As we head into the new year, global economic growth is poised to moderately slow down. This deceleration is already evident in the US with fading fiscal stimulus and tighter financial conditions. Couple this economic environment with softer growth data from China, the outlook for 2019 is less optimistic for investors. However, a global growth trend is still intact with labour markets still progressing. These signs indicate that we are moving further along the economic cycle as higher wages are pushing up prices. Consequently, the global geo-political uncertainties will continue to be important drivers of the financial markets. By understanding these implications on market returns and volatility, our Multi FX Program aims to diversify risk from uncertainties. Trends in the currency majors should reveal themselves as these political risks begin to subside.

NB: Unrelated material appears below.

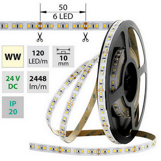 LED pásek SMD2835, 2800-3100K (teple bílý WW), 28,8W, 120LED, 2448lm/m, segment 50mm, 6LED/segment, IP20, DC 24V, životnost 54000h, šíře 10mm, bílý PCB pásek, max. délka pásku při jednostranném zapojení: 5m, opatřen samolepící páskou 3M, UV stabilní.
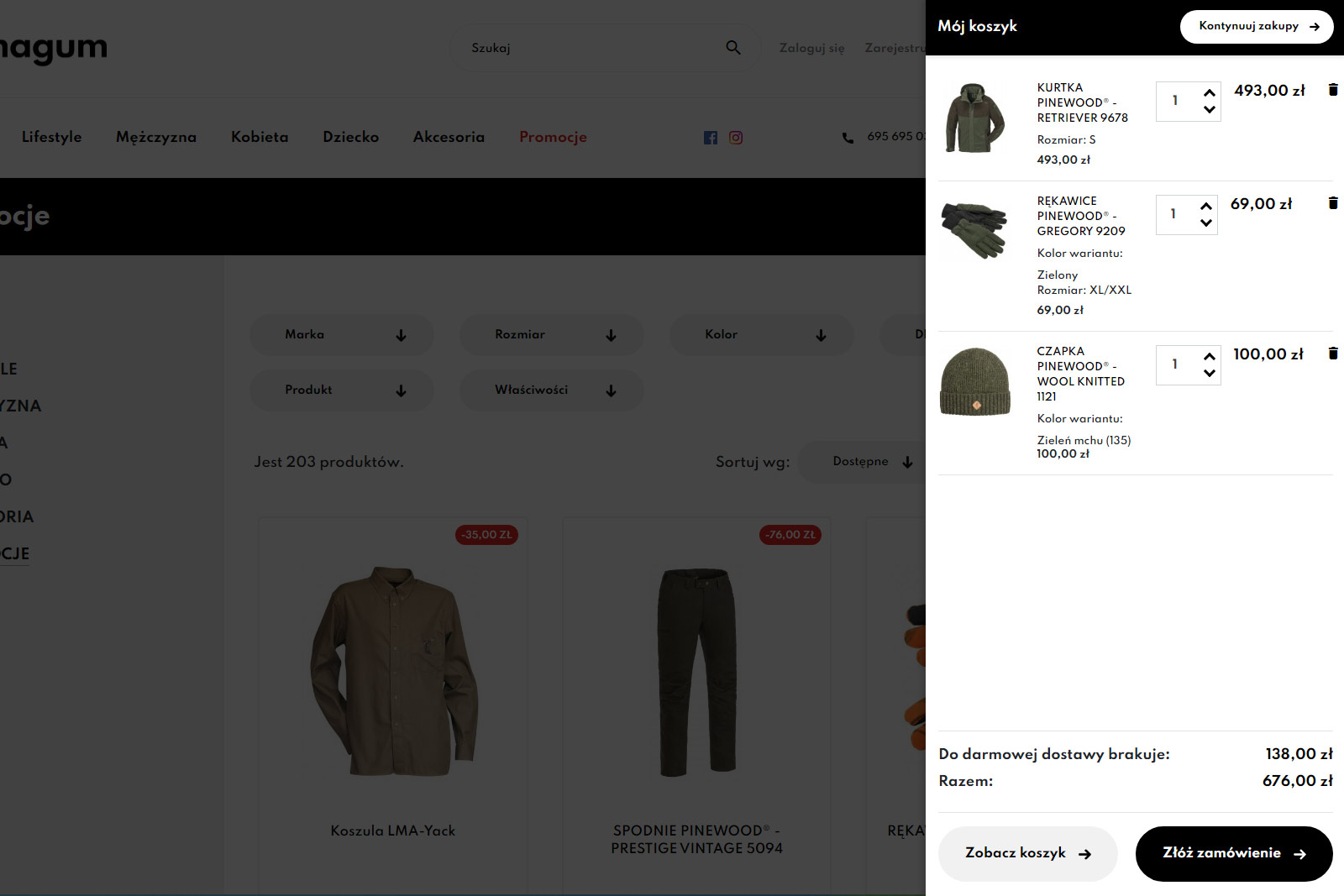 Wdrożyliśmy wysuwany boczny koszyk, który powala klientom na szybką weryfikację produktów włożonych wcześniej do koszyka. Co najważniejsze nie wymaga to przeładowania strony, więc klient nie traci czasu, a z oczu nie znika mu aktualnie oglądany produkt. Klient może również w ten sposób sprawdzić jakiej wartości zakupów brakuje mu do darmowej wysyłki.

The broader indicators are pointing toward the view that the global economy is past peak growth in the economic cycle. Fundamental analysis cannot hide the fact that central bank support continues to be reduced. Furthermore, undiminished political risks continue to loom large within Europe and the US. Despite these slowing market conditions, the general view is that the risks have been priced into the financial markets. As a consequence we maintain a relatively cautious approach towards portfolio construction. Therefore by maintaining a volatility-based allocation strategy, our Multi FX Program seeks to capture market returns. Moreover, running multiple strategies aided in smoothing out the unwanted volatility spikes.

A ‘Softer’ 4th Quarter

The last quarter of the year did not end on a positive note for the equity markets. As a fact, there were multiple factors challenging the financial markets. To start with central bank interest rates were on the rise. Political tensions in Europe became the catalyst to a slowdown in business confidence in the Eurozone. Furthermore, weaker Chinese growth output stemmed the global economic growth trend. In addition the ongoing trade conflict with the US did not help the situation. Stock markets traded lower, giving back their gains. On the positive side though the interest rate and bond markets offer refuse to the financial markets. Therefore well-balanced portfolios were able to protect against the slide of the equity markets.

Consequently for single asset class strategies however, they required a different trading approach. In order to reduce the potential downside risk the Multi FX Program was able to reduce trading expose during certain market environments. Certain strategy components remained neutral or limited exposure throughout the month.